▶ GOAL OF THE EXERCISE
Verbatim output of the lines below is required, with the images omitted.

(Records from a data source)

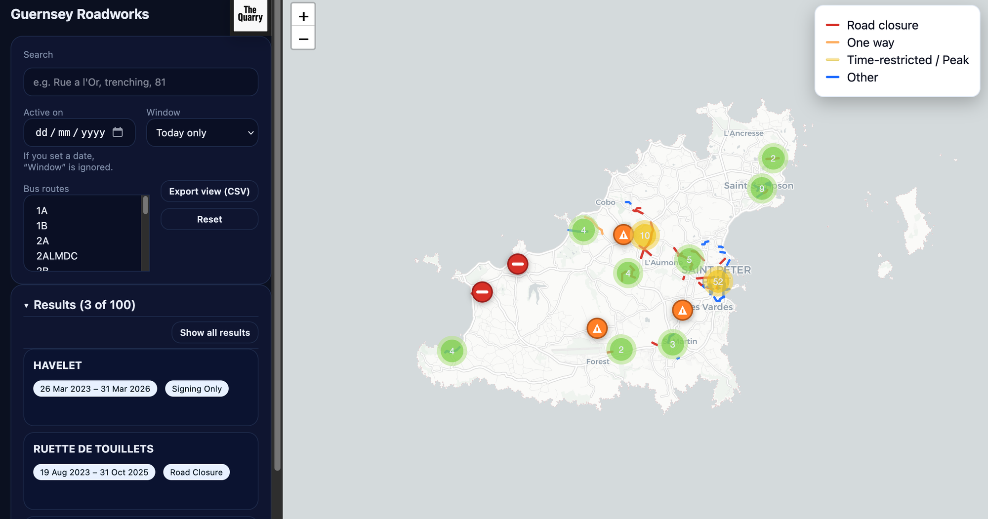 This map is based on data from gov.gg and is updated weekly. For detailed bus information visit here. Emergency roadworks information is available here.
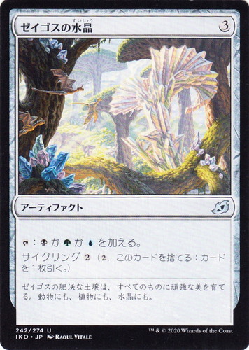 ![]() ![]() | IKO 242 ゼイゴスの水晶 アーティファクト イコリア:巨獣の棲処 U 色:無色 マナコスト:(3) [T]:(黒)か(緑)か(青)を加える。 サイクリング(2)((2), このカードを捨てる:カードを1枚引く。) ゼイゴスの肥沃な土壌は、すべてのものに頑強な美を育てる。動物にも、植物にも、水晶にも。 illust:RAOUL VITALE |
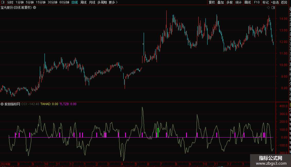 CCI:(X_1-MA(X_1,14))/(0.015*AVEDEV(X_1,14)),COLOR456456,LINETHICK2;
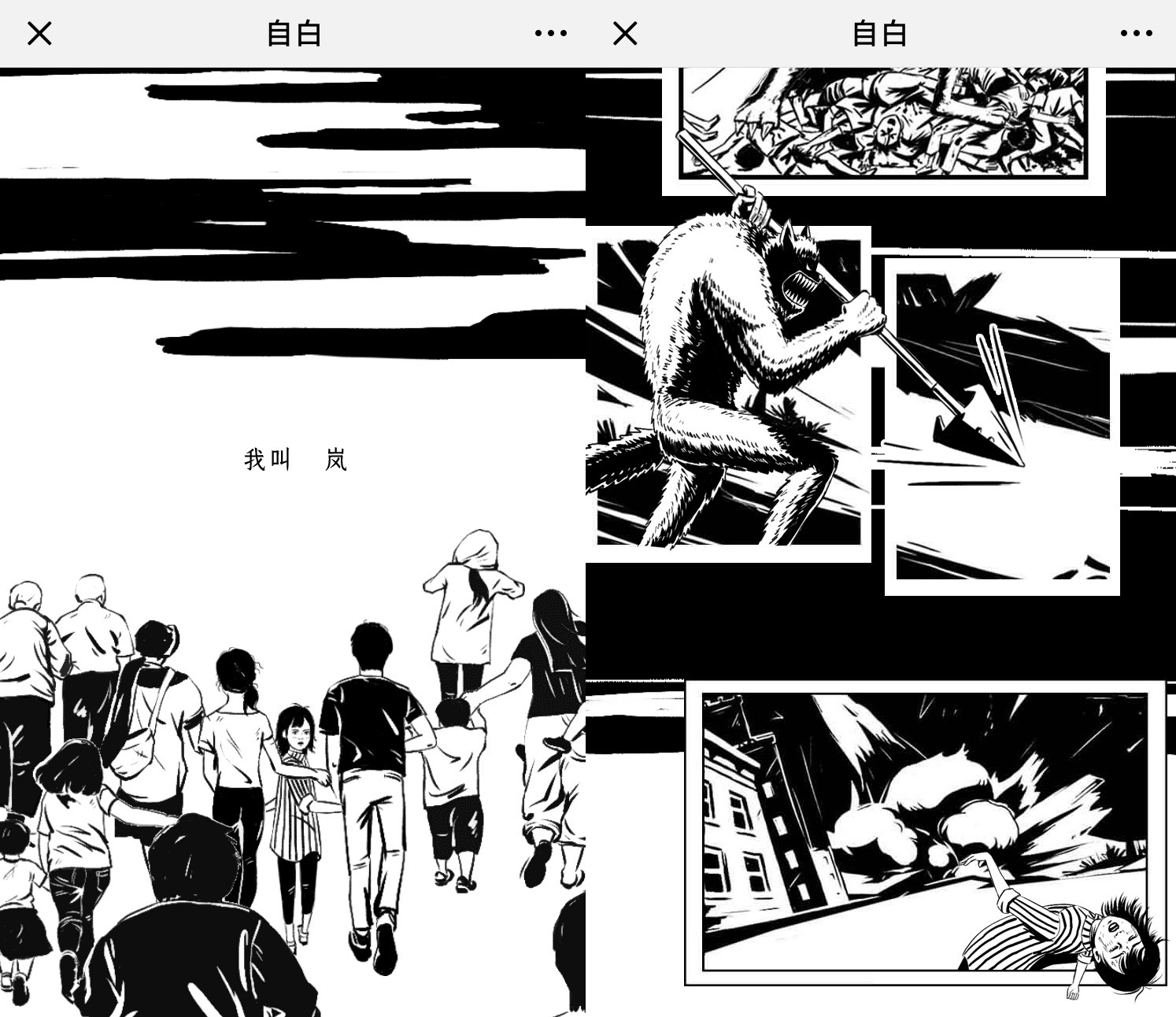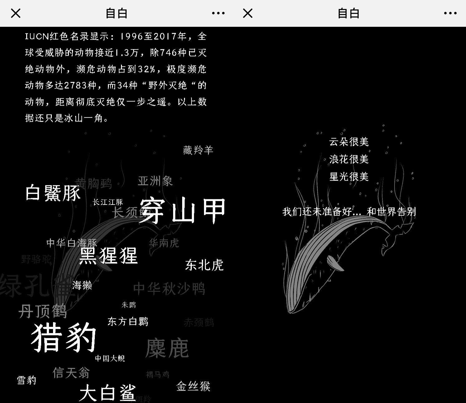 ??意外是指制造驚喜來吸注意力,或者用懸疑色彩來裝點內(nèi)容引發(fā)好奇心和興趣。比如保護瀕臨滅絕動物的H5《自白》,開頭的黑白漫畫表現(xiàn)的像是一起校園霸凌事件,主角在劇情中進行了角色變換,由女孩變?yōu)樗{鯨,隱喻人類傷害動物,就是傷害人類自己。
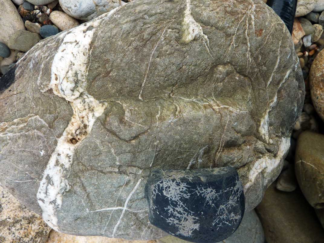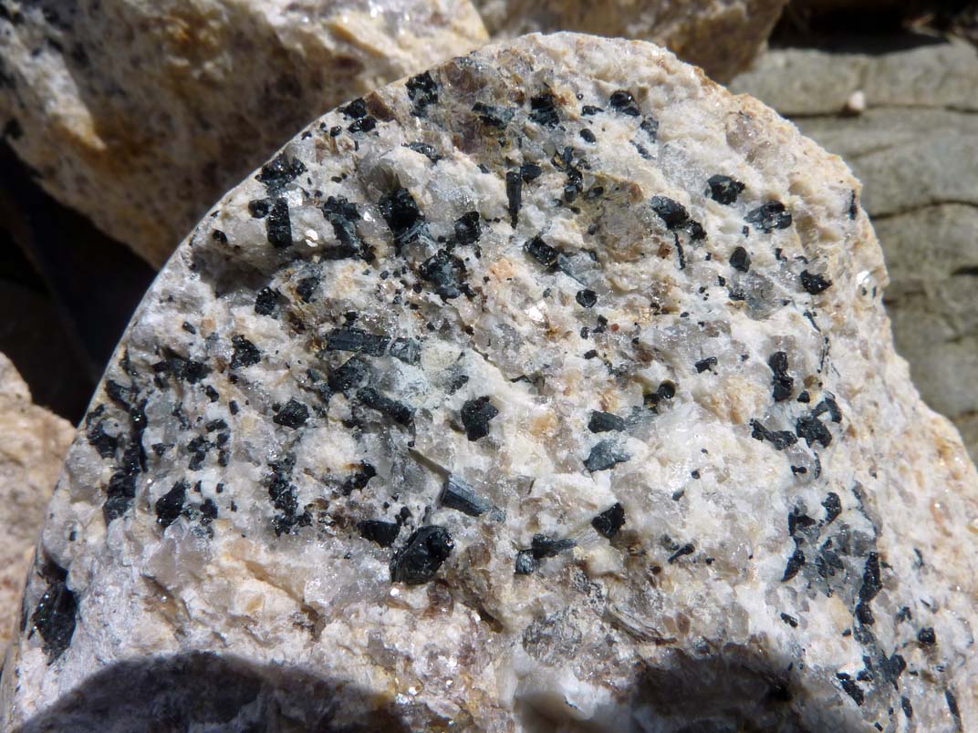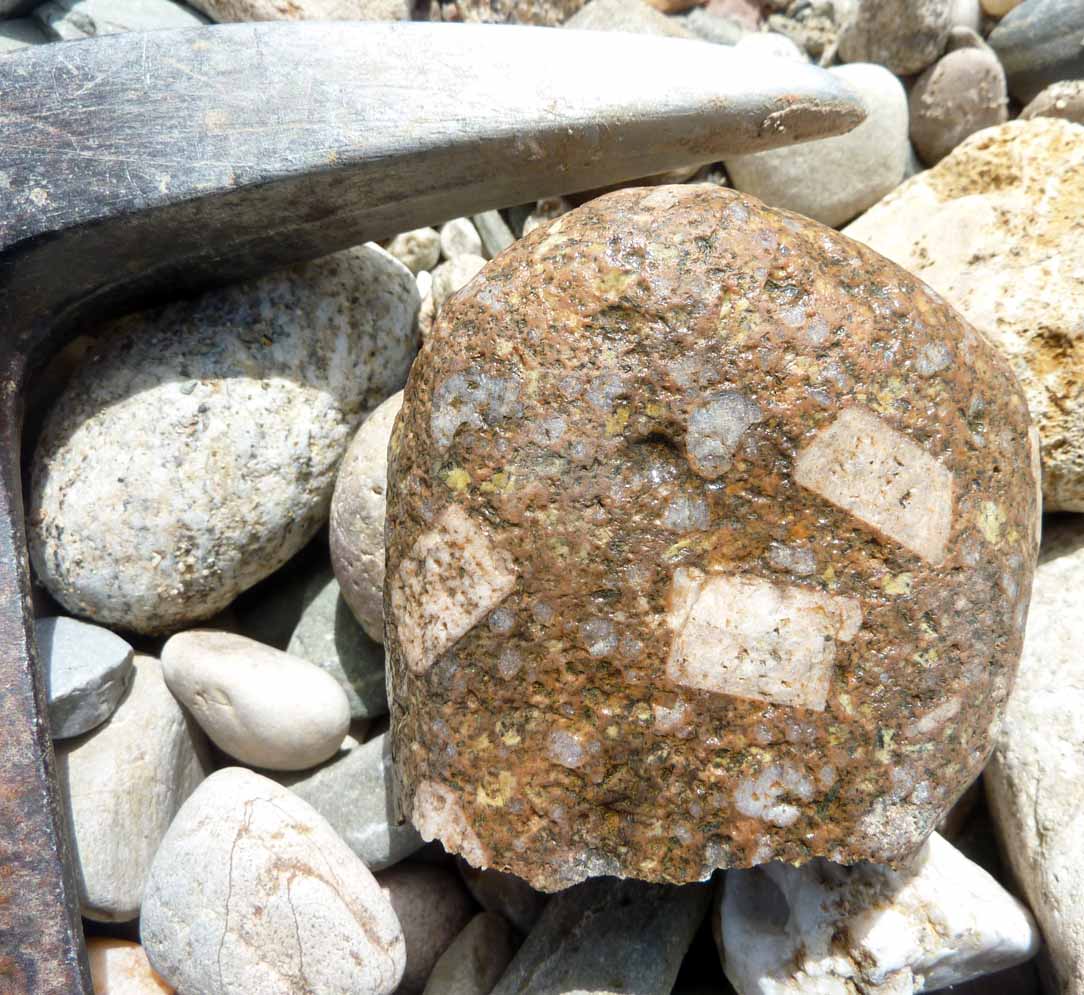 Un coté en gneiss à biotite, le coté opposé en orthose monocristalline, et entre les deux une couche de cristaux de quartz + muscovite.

▶ WRITTEN SOLUTION
 This map is based on data from gov.gg and is updated weekly. For detailed bus information visit here. Emergency roadworks information is available here.
 ![]() ![]() | IKO 242 ゼイゴスの水晶 アーティファクト イコリア:巨獣の棲処 U 色:無色 マナコスト:(3) [T]:(黒)か(緑)か(青)を加える。 サイクリング(2)((2), このカードを捨てる:カードを1枚引く。) ゼイゴスの肥沃な土壌は、すべてのものに頑強な美を育てる。動物にも、植物にも、水晶にも。 illust:RAOUL VITALE |
 CCI:(X_1-MA(X_1,14))/(0.015*AVEDEV(X_1,14)),COLOR456456,LINETHICK2;
 ??意外是指制造驚喜來吸注意力,或者用懸疑色彩來裝點內(nèi)容引發(fā)好奇心和興趣。比如保護瀕臨滅絕動物的H5《自白》,開頭的黑白漫畫表現(xiàn)的像是一起校園霸凌事件,主角在劇情中進行了角色變換,由女孩變?yōu)樗{鯨,隱喻人類傷害動物,就是傷害人類自己。
 Un coté en gneiss à biotite, le coté opposé en orthose monocristalline, et entre les deux une couche de cristaux de quartz + muscovite.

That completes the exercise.